50 N.E.2d 89, 314 Mass. 416, 148 A.L.R. 353, 1943 Mass. LEXIS 840
CourtMassachusetts Supreme Judicial Court
DecidedJuly 14, 1943
StatusPublished
Cited by60 cases

This text of 50 N.E.2d 89 (Johnson-Foster Co. v. D'Amore Construction Co.) is published on Counsel Stack Legal Research, covering Massachusetts Supreme Judicial Court primary law. Counsel Stack provides free access to over 12 million legal documents including statutes, case law, regulations, and constitutions.

Bluebook
Johnson-Foster Co. v. D'Amore Construction Co., 50 N.E.2d 89, 314 Mass. 416, 148 A.L.R. 353, 1943 Mass. LEXIS 840 (Mass. 1943).

Opinion

Qua, J.

This suit was heard upon a “Statement of Agreed Facts.”

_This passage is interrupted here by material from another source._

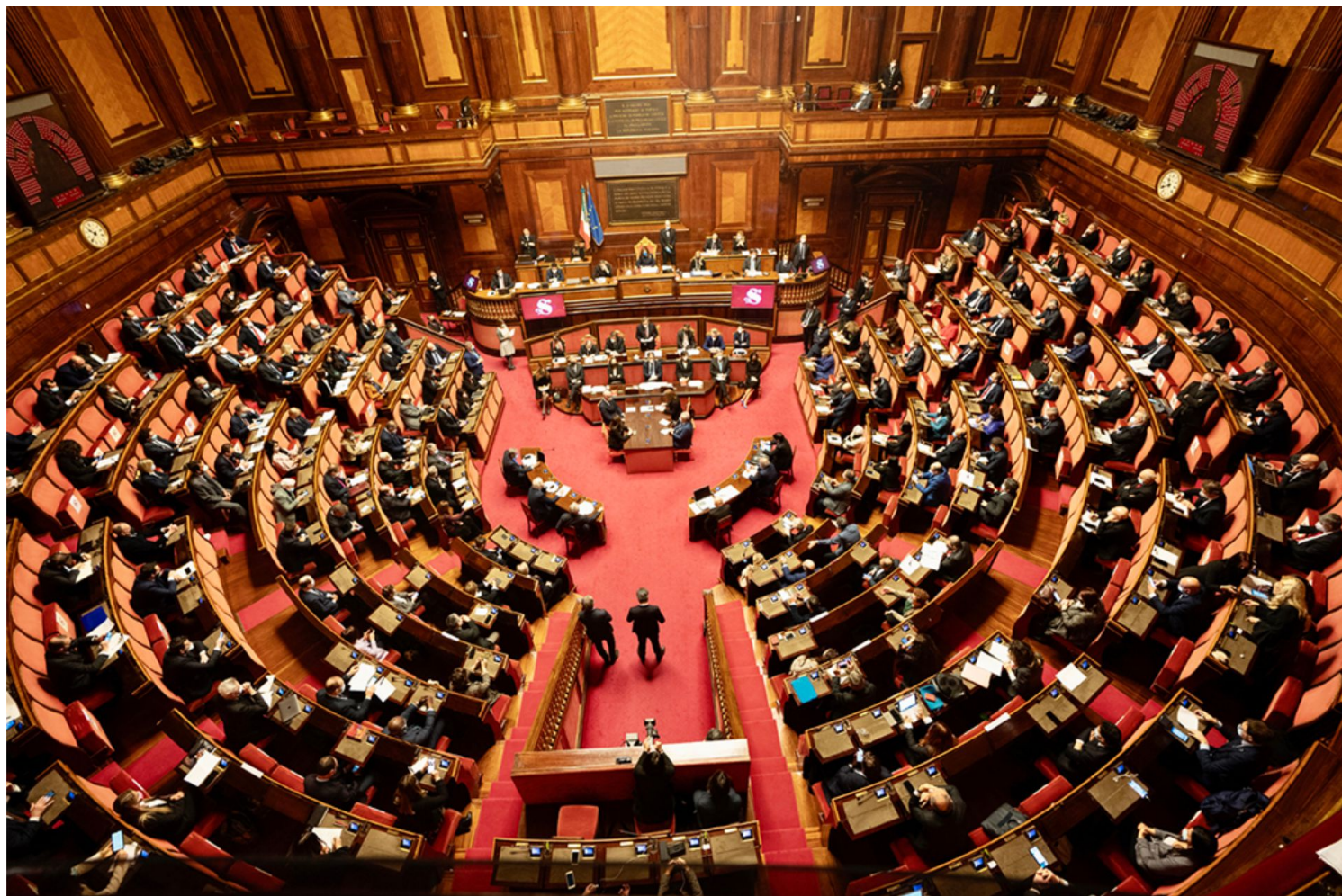
L'aula del Senato il 13 febbraio scorso

Il neo Presidente del Consiglio, Mario Draghi, nel suo discorso sulle linee programmatiche al Senato del 17 febbraio scorso, prime parole profuse dopo quelle dell'accettazione dell'incarico (con riserva), ha ricordato quantomeno tre aspetti - di interesse per questa rivista e per questa rubrica - che da molto, moltissimo, troppo tempo non echeggiavano in quell'aula tanto nobile e austera, così come in ogni altro edificio, del resto, della conurbazione parlamentare.

[418]*418Under date of March 18, 1940, D’Amore Construction Co., hereinafter called the contractor, entered into a general contract with New Bedford Housing Authority, hereinafter called the housing authority, for the construction of a low cost housing project aided by a loan from the United States Housing Authority. On May 20, 1940, the contractor as principal, and the Aetna Casualty and Surety Company as surety, gave to the housing authority “as obligee” a “Performance and Payment Bond,” in the sum of $693,830 and in “the standard form required by” the United States Housing Authority, for the faithful performance of the principal contract. The contractor paid the surety for this bond a premium of $10,407.45. The contractor performed work under the contract until on or about May 8, 1941, when it acknowledged its inability to proceed further. It had then been paid $573,314.40 on account of the contract price and additions thereto. Thereafter the housing authority entered into an agreement with a new contractor for the completion of the work. This bill is prosecuted by a large number of original plaintiffs and intervener plaintiffs, all of whom as subcontractors or materialmen furnished to the original contractor labor and material or material alone which went into and became part of the completed structure, or rented equipment to the contractor for use on this contract, with the possible exception of New Bedford Gas and Edison Light Company and Liberty Mutual Insurance Company, the nature of whose claims will later appear. All make claim from the surety under the bond for unpaid balances due or alleged to be due them from the contractor. It is agreed that all the claimants knew and relied upon the terms of the bond “when they submitted bids and contracted to perform work or furnish material and rent equipment, [or to furnish?] public utility service.” The penal sum of the bond exceeds the total of all claims.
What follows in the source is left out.